Later, in bed, drifting off to sleep, Kathy became aware of the murmur of distant voices. It was a warm night, her windows open, and it was hard to judge how far away they might be. She got out of bed and leaned out of the window, hearing them more distinctly, from the east side of the house, the kitchen end, where she could just make out the glow of a light reflected on the shrubbery. A man and a woman, she thought, arguing, or at least disagreeing. She tried to match them in her mind with the sounds of Starling and Marianna’s voices, but couldn’t be certain.
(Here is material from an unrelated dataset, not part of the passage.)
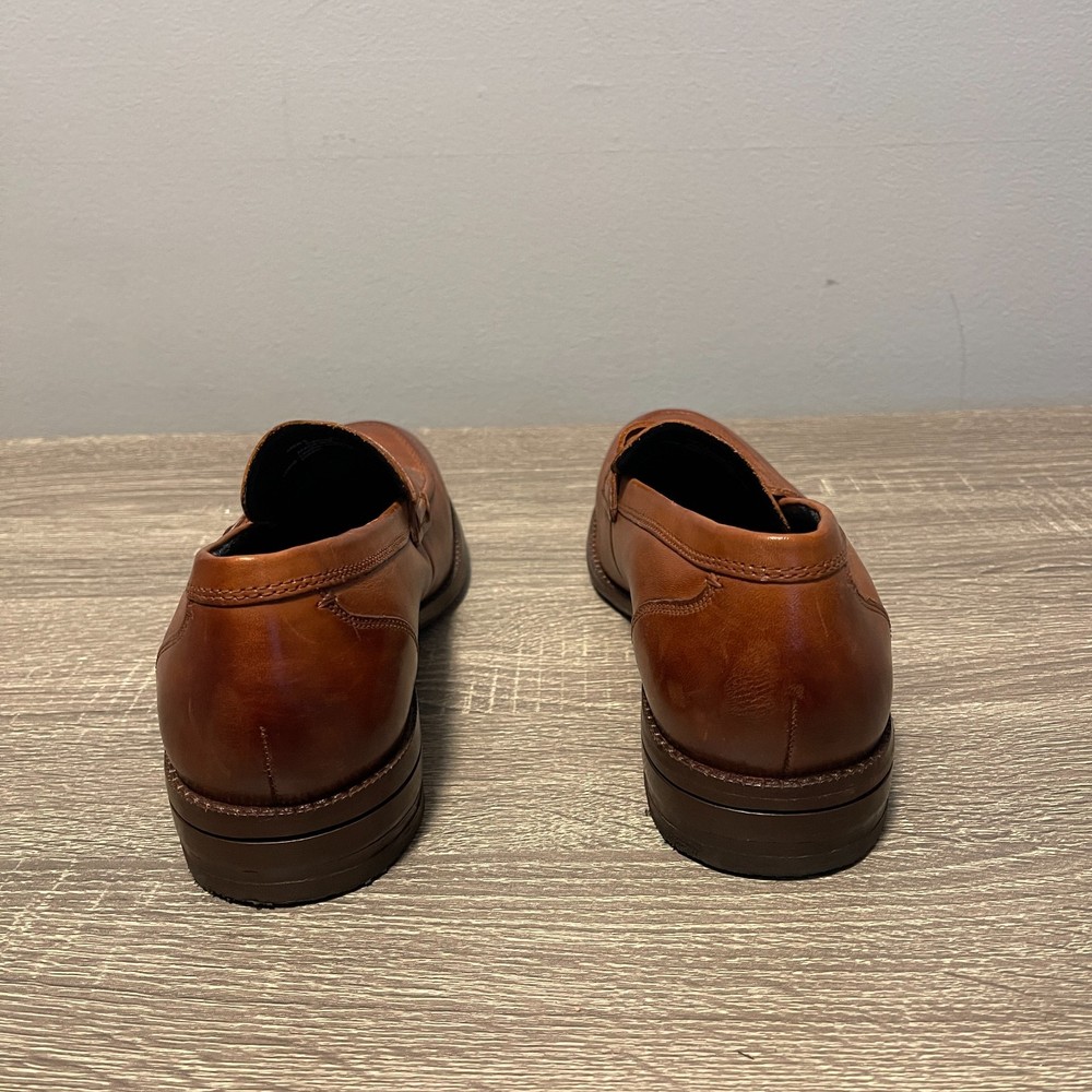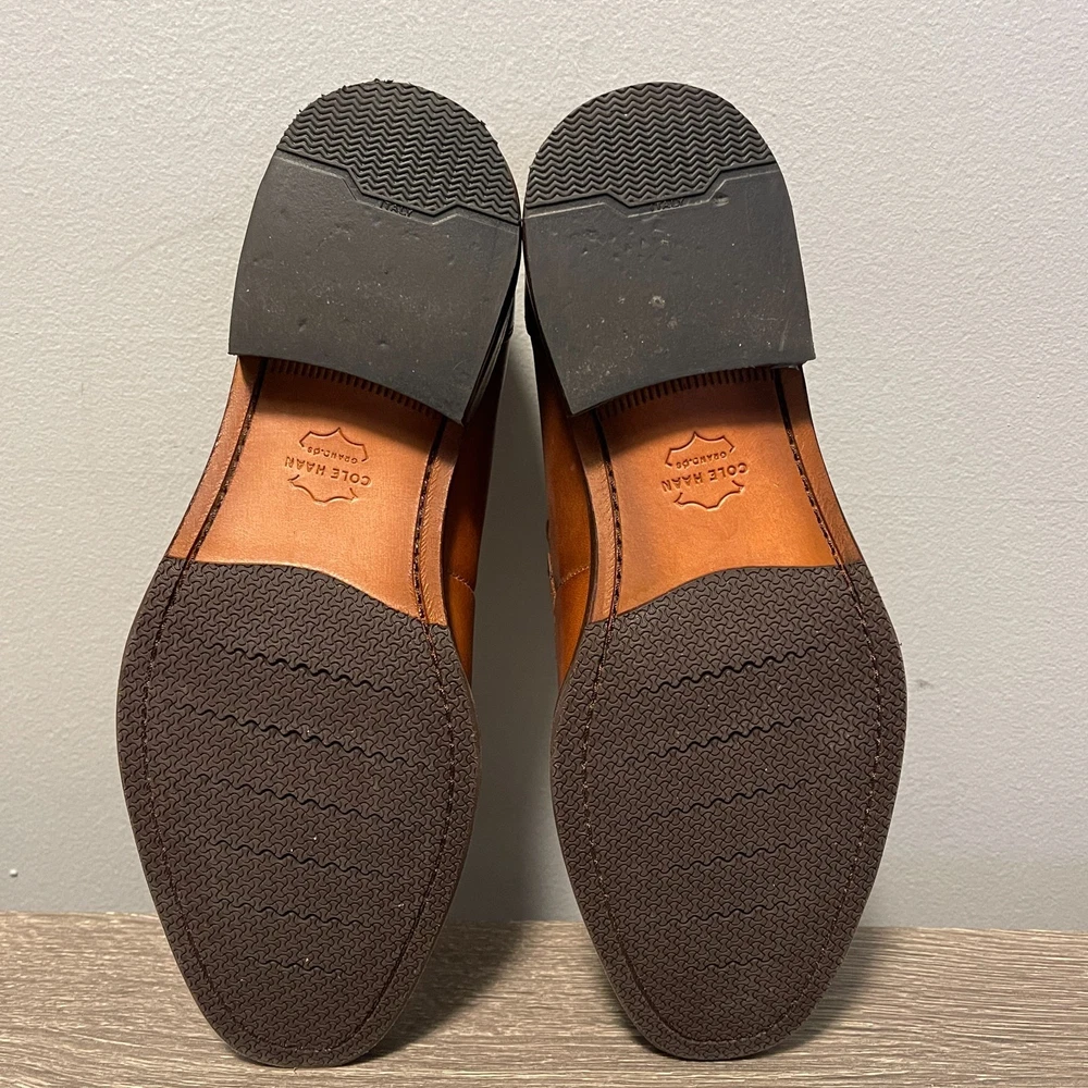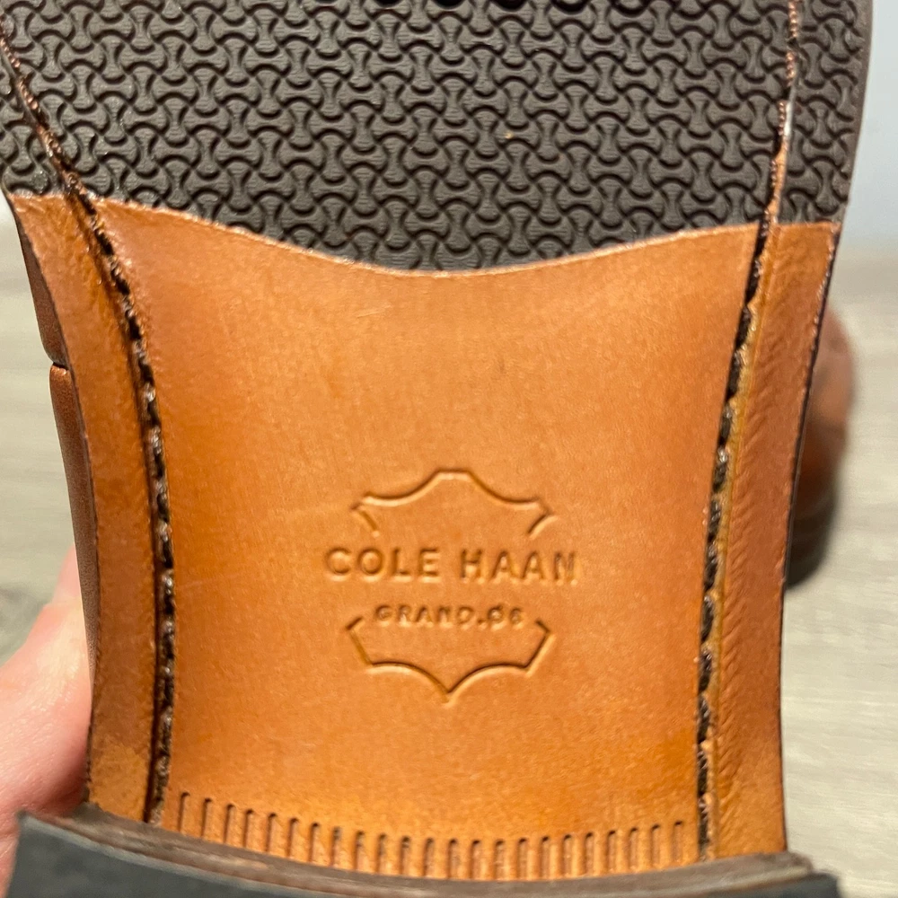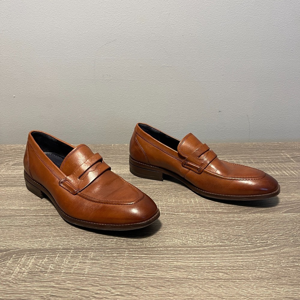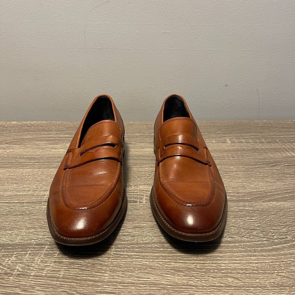 The Cole Haan Men's Grand 360 Warner Grand Penny Loafer in Brown is a stylish and sophisticated dress shoe for men. Featuring an almond toe shape and a slip-on closure, these loafers are crafted with leather lining and outsole material. The classic brown color and leather upper make them versatile for various seasons such as summer, fall, and spring. The Cole Haan Grand product line ensures quality and comfort, making these loafers a great addition to any man's wardrobe.

After a few minutes they stopped abruptly, and she heard nothing more.
7
A Female Head of the Greatest Beauty
The next morning, Marianna presented them with a huge breakfast of bacon and sausages, tomatoes and eggs, all served on an enormous platter in the centre of the dining table. Starling eyed this banquet—enough for a dozen people—balefully.
‘I had to tell her, last night,’ he said to Kathy. ‘She thought you . . .’ He scowled at the heaped food. ‘She thought I’d brought you here while Eva was away.’
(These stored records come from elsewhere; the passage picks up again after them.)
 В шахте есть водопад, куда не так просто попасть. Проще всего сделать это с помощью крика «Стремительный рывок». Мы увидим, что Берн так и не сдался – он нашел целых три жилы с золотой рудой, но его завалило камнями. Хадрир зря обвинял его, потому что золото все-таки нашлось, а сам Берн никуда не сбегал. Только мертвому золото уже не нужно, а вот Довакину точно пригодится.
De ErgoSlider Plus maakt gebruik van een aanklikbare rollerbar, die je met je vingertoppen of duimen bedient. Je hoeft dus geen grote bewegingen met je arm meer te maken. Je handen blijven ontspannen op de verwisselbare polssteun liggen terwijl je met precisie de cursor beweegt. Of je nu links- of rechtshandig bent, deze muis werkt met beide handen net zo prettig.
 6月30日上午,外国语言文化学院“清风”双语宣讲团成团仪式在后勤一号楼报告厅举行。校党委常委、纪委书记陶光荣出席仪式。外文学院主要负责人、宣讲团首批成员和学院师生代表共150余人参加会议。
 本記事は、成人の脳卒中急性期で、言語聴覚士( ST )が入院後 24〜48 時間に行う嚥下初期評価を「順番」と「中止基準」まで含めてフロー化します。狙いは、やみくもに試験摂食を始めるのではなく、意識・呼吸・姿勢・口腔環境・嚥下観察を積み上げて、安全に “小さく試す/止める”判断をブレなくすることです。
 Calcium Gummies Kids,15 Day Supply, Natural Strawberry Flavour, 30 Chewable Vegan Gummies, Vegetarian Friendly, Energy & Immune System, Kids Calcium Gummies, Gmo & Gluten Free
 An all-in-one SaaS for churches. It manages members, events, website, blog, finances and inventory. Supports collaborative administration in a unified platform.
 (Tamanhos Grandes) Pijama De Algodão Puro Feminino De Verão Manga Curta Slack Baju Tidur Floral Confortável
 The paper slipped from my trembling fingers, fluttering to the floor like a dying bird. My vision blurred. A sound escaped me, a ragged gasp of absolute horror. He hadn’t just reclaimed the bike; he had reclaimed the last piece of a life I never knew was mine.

‘She thought I was your bit on the side?’ Kathy tried helpfully.
‘Yes
. So I told her about Eva having disappeared. I had to. And I told her you’re with the police.’
‘And this is her reaction?’
‘It’s her way of coping. She’s baking loaves of bread now. It’s crazy.’
‘Well, it seems a shame to waste this. Do you mind if I eat? I’m hungry.’
‘Go ahead.’
‘How about you?’
He shook his head and turned away to the french windows. He pushed them open, but didn’t go outside. Instead he pulled a packet of cigarettes from his pocket and lit up, his actions awkward, a tremble in his hand.
‘I didn’t know you smoked,’ Kathy said, pouring a cup of coffee from a huge jug.
‘Gave up, eleven years ago.’
Did you buy those on the way back from the airport?’
Starling didn’t answer, blowing a stream of pale smoke out towards the cloudless morning sky. He didn’t explain, and Kathy let it go. From the kitchen came a sound of banging, as if Marianna were attacking a side of beef with a cleaver.
At ten fifteen, when Kathy was on the point of leaving, there was the sound of a motorbike in the gravel forecourt of the house. The front doorbell rang, and Starling went to answer it, Kathy close behind. A messenger in black leathers and a bright-yellow helmet was pulling an envelope from the pouch on his chest. He presented it and a clipboard to Starling, who signed. The messenger made to restart his bike, but Kathy stopped him.
‘Hang on,’ she said. ‘Who’s the sender?’
‘It’s all right.’ Starling’s voice came dully from the hall behind her. ‘It’s from Cabot’s. This is their address label. Must be more papers to sign.’
‘Got the dogs tied up somewhere, have you?’ the messenger said, looking around cautiously.
‘Dogs? We don’t have any.’
‘Really? Looks like a pack of wolves has gone for that parcel at the gate.’
Kathy looked beyond him and saw the trail of torn paper leading from the gates away down the lane. ‘That’s odd,’ she said.